If the play’s posh family strive for continual cultural revolution, the other, or at least its father figure (an ex-miner turned septic tank engineer), dream ineffectually of real political and socio-economic insurrection. For them, the despair is borderline existential and Motton’s portrayal is fundamentally empathetic. The play’s starkest and bleakest metaphors surely belong to this family’s daughter Frizzy, who keens at the meaninglessness of words as an alienating tsunami of bad-faith noise. She likens herself at one point to a self-ravishing nun (not sure that one quiet works, but it somehow does in the play’s almost psychedelic later stages). The insidious and alienating bad faith of language is a key focus throughout, as the satire gradually straitens and dissolves into spectral bleakness, before finally shuddering to a conclusion with a gesture that can only be termed, oxymoronically, sublime bathos.

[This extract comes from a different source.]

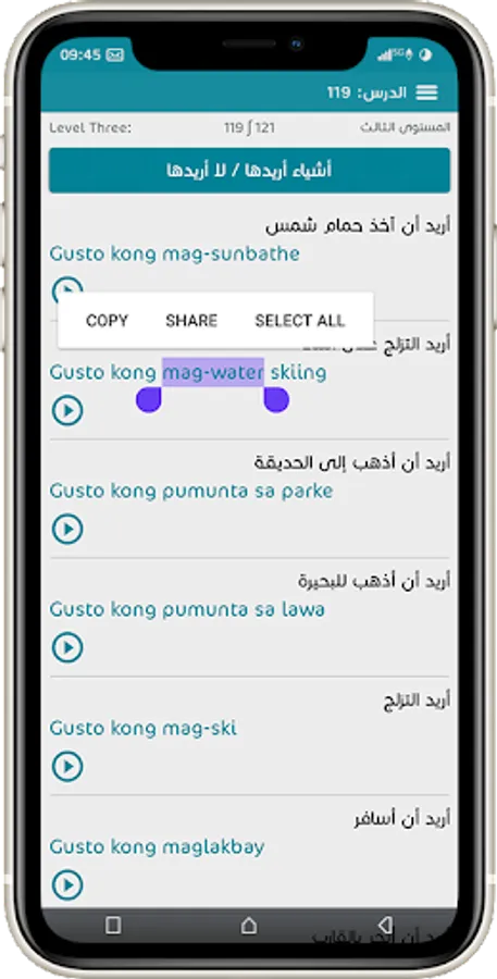 Before the trip, the best preparation you can do is learn some Tagalog words. This Tagalog language learning app will provide you a better experience during your travels. Start learning Tagalog today. Click any of the app's 121+ free Tagalog lessons of variety, including the most frequently used words and phrases in everyday life, to start your journey of communicating in Tagalog.

On Friday the reading began with a savouring of the social satire and absurdity before slowly retracting into something less certain (while maintaining a commendable richness of characterisation and relish of language) as we realised we weren’t in Kansas any more. Surely this is the exact trajectory that any production should seek to induce in the audience, as the sarky anger and subversive mischief of the opening become cut with pain and finally bitter despair. At the end, words kind of failed us (as the play surely prescribes….). Motton might be both Caryl Churchill’s lost dark twin and also possibly her worst nightmare. Chastening.

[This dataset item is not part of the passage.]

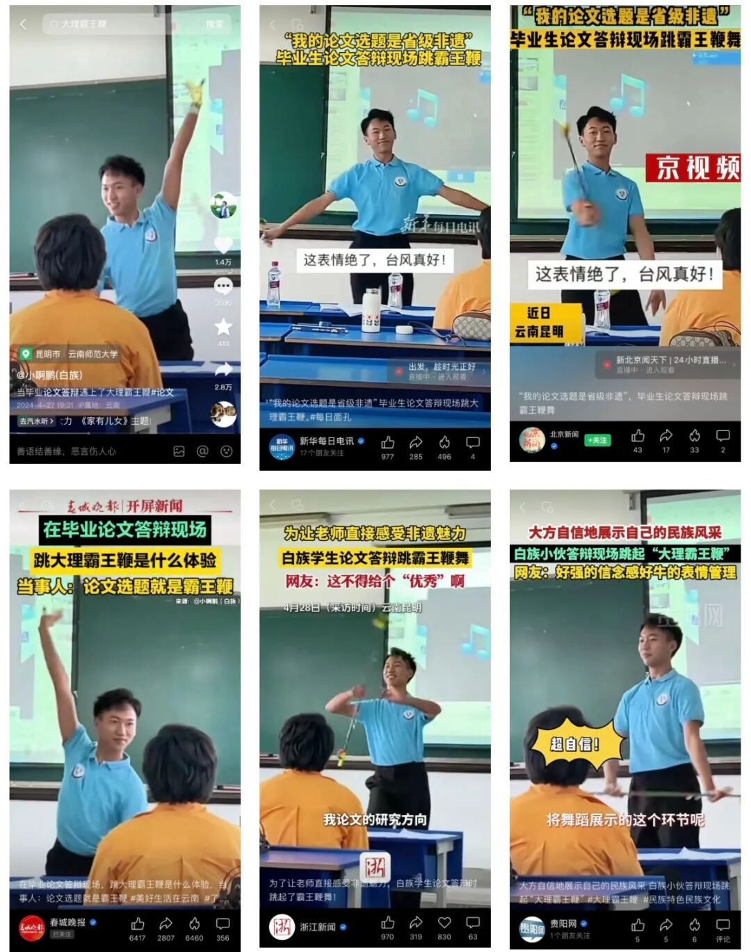 他眼中,家乡不只有白族霸王鞭,还有力格高、斗蹄壳等舞蹈形式,这些都是白族先民们传承留下的大理民族至宝,作为地道的白族年轻人,更应该付出实际行动去传承发扬。于是,他的大学论文选题选择了大理霸王鞭舞蹈研究,并在答辩中设计了现场舞蹈展示环节,让老师更直观地感受白族文化的精神风貌。

As we entered the final pages of A Worthless Man, and with immaculate timing, the Norwegians arrived.
Regine Rossnes is a slam poet, and her play Exposed, newly translated with scary slam-aplomb by Neil Howard, is set in a Norwegian high school where new student and free spirit Eili’s sexual indiscretion with her recently-ex boyfriend’s (possibly ‘supposed’ boyfriend’s ) best friend gets uploaded and shared around Snapchat, with devastating effect. If, for Motton, words are simply lies, for Rossnes, they are ultimately valid instruments of expression and potential moral good, and her play accordingly offered a contrast to the near-despair of A Worthless Man. Exposed is a play where moral choices are difficult but conditionally valid, and positive trajectories at least not out of the question. Short stark duologues and trios alternate with slam-poetic interior monologues, embodying a world of intense group loyalties under pressure from new adolescent feelings, experiences and temptations.
The ending of the play offers a positive way forward for the characters that is (deliberately) troubled and troubling, but made possible at all through a central and defining act of bravery and solidarity on the part of the two main ‘wronged’ characters. Calibrating that marginally-positive ambivalence, while also mapping the intense shifting emotions and impulses (in all the characters not just the easier-to-like protagonists) that lie beneath the play’s explicit teenage censoriousness, is surely the play’s central endeavour.
Our reading yielded some fascinating discoveries. Of course this is a spontaneous reading, and expecting full-on emotional availability in such circumstances is of course mad, but perhaps there is also something else going on here. No-one in the group is in the right age range of course (sixteen to eighteen), hence perhaps a slight hesitation to inhabit and internalise the required teenage argot and emotional world. Our culture’s centre of gravity now is arguably the teenager, so the attempt of anyone over the age of twenty to fully commit to a teenage structure of feeling or (related) means of expression maybe feel like an act of aspirational delusion. On the other hand it might be that the teenage ‘identity’ is even more fraught with posturing, self delusion and protective cliche than the ‘adult’ one, and this triggers the reluctance of more world-wise and absurdity-wary adults to engage other than ironically. Or maybe teenaged earnestness – or all earnestness (and teenaged earnestness is surely the purest kind…) - is tricky, in our cynical and wary culture. Anyway, fascinating.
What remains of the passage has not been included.